:: EXERCISE ::
Copy out the line that contains "安井:株主還元についてです。" and the lines after it through the final one in the entries below, exactly, with no other lines.

◆ ◆ ◆ ◆ ◆ ◆ ◆

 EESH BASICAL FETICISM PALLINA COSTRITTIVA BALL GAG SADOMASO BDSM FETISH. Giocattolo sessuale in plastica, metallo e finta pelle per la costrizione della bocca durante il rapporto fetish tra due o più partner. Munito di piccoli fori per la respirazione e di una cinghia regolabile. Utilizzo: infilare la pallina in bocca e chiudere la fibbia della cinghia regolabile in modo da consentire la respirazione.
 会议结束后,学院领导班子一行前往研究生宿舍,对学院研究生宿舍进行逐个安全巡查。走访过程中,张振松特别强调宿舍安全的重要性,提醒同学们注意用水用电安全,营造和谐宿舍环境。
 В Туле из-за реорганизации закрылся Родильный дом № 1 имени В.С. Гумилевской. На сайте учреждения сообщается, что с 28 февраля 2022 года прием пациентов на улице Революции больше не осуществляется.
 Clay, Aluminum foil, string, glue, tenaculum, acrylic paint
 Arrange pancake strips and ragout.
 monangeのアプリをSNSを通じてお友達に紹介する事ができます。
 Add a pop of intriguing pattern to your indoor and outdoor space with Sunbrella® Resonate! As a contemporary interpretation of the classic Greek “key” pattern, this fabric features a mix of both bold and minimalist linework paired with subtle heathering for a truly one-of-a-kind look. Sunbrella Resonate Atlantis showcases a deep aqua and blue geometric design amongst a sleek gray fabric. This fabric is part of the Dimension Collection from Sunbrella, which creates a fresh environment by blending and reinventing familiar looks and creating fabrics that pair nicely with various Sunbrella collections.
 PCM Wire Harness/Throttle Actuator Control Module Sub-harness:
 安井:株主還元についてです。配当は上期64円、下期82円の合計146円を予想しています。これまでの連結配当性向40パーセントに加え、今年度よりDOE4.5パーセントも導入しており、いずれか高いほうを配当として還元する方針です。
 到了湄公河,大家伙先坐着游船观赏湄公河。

◆ ◆ ◆ ◆ ◆ ◆ ◆

:: RESPONSE TO THE TASK ::
 安井:株主還元についてです。配当は上期64円、下期82円の合計146円を予想しています。これまでの連結配当性向40パーセントに加え、今年度よりDOE4.5パーセントも導入しており、いずれか高いほうを配当として還元する方針です。
 到了湄公河,大家伙先坐着游船观赏湄公河。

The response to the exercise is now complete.